PROBLEM REQUIREMENTS> Repeat, exactly and with no pictures, the lines that run from the beginning of the entries through the line containing "Absolutely comfortable and".
══ THE RECORDS
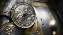 Rondels most commonly hang off breastplates and cover the armpit, which is a vulnerable point.[1] They may also have been used to steady the jousting lance. In this instance they are commonly known as besagews. They also appear on the back of a type of late medieval helmet known as the armet. Their purpose for this is unknown, though it has been surmised that they may protect strapping, or just be some sort of added protection. Rondels also appear uncommonly on the metacarpal parts of some historical gauntlet designs, and appear in some period illustrations protecting the side of the head, and the point of the elbow (where a fan may normally be).
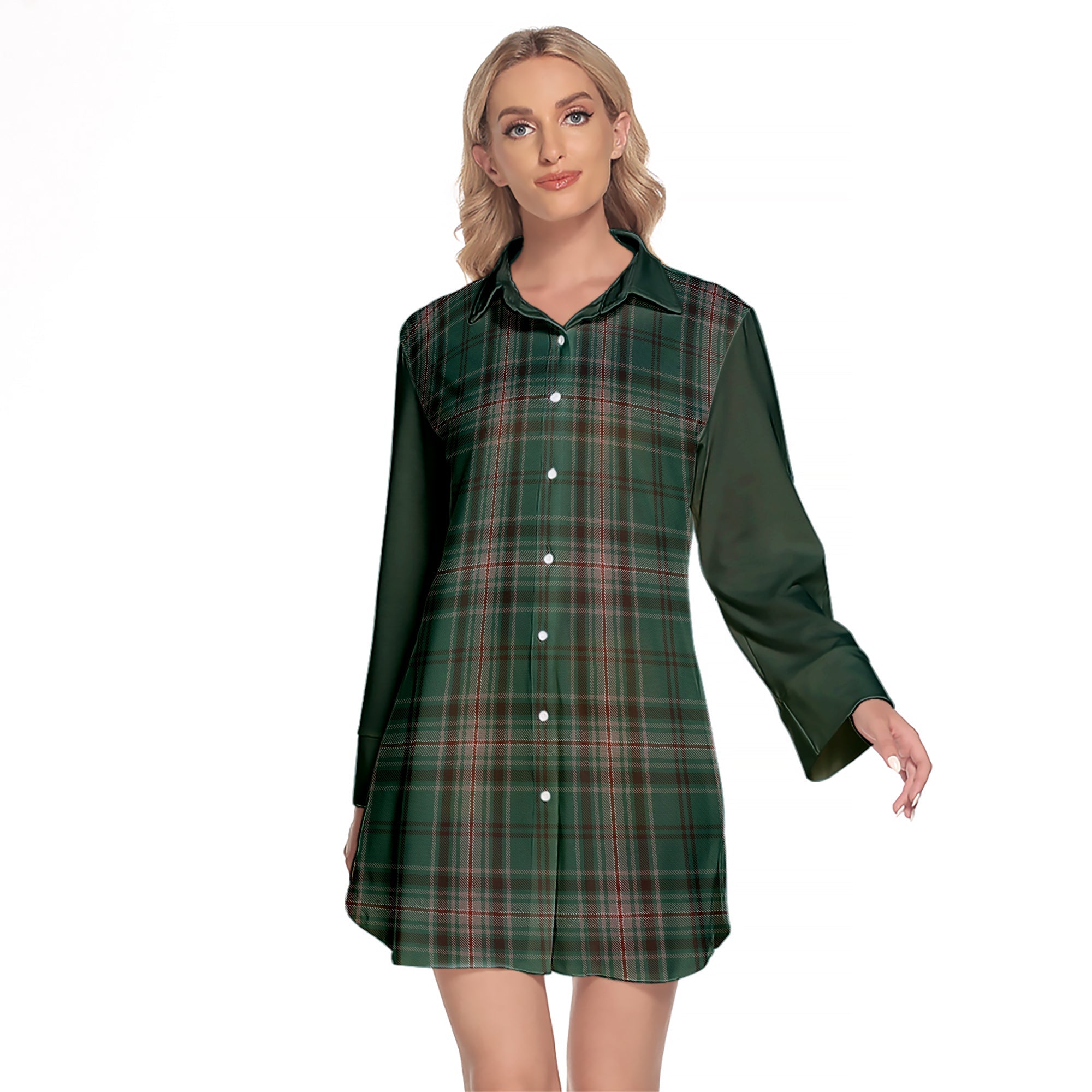 Kelly Of Sleat Hunting Tartan Women's Lapel Shirt Dress With Long Sleeve
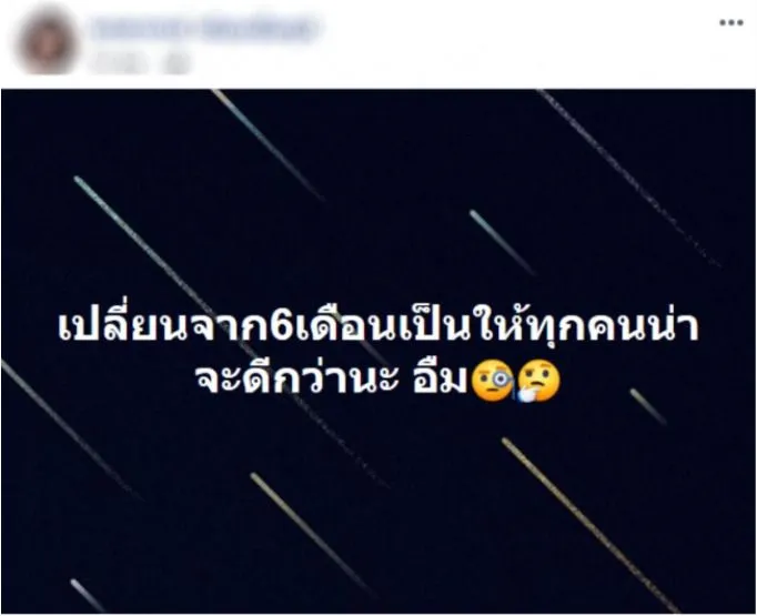 ล่าสุดวันที่ 8 เม ย 63 มีผู้ใช้เฟสบุ๊ครายหนึ่ง ได้มีการโพสต์ข้อความ ระบุข้อความว่าเงิน 5000 จาก 3 เดือนเป็น 6 เดือน ผมว่าแจกให้คนที่เค้าเดือดร้อนกระจายออกไปดีกว่าไหม 30000ต่อคน 6เดือนกระจายให้ได้ทุกครัวเรือนไป เงินสมทบประกันสังคมของแต่ละบุคคล ไม่ต้องรออายุ55ปีหรอก แจกคืนเขาเถอะยามเดือดร้อนเอาไปเก็บไว้ให้พวก
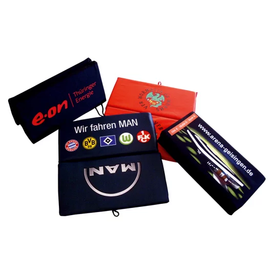 Absolutely comfortable and sturdy seat cushion with carrying straps, upper side of breathable polyester weave, underside of waterproof and sturdy PVC in black leather look, other types of cushion possible (price on request)
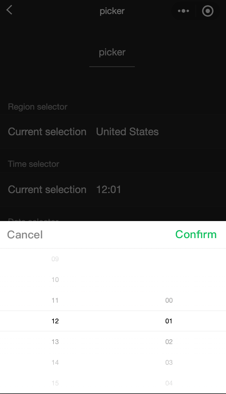 | bindconfirm | eventhandle | - | false | No | When clicking Finish, the confirm event is triggered, event.detail = {value: value} |
════
EXERCISE OUTPUT>
 Rondels most commonly hang off breastplates and cover the armpit, which is a vulnerable point.[1] They may also have been used to steady the jousting lance. In this instance they are commonly known as besagews. They also appear on the back of a type of late medieval helmet known as the armet. Their purpose for this is unknown, though it has been surmised that they may protect strapping, or just be some sort of added protection. Rondels also appear uncommonly on the metacarpal parts of some historical gauntlet designs, and appear in some period illustrations protecting the side of the head, and the point of the elbow (where a fan may normally be).
 Kelly Of Sleat Hunting Tartan Women's Lapel Shirt Dress With Long Sleeve
 ล่าสุดวันที่ 8 เม ย 63 มีผู้ใช้เฟสบุ๊ครายหนึ่ง ได้มีการโพสต์ข้อความ ระบุข้อความว่าเงิน 5000 จาก 3 เดือนเป็น 6 เดือน ผมว่าแจกให้คนที่เค้าเดือดร้อนกระจายออกไปดีกว่าไหม 30000ต่อคน 6เดือนกระจายให้ได้ทุกครัวเรือนไป เงินสมทบประกันสังคมของแต่ละบุคคล ไม่ต้องรออายุ55ปีหรอก แจกคืนเขาเถอะยามเดือดร้อนเอาไปเก็บไว้ให้พวก
 Absolutely comfortable and sturdy seat cushion with carrying straps, upper side of breathable polyester weave, underside of waterproof and sturdy PVC in black leather look, other types of cushion possible (price on request)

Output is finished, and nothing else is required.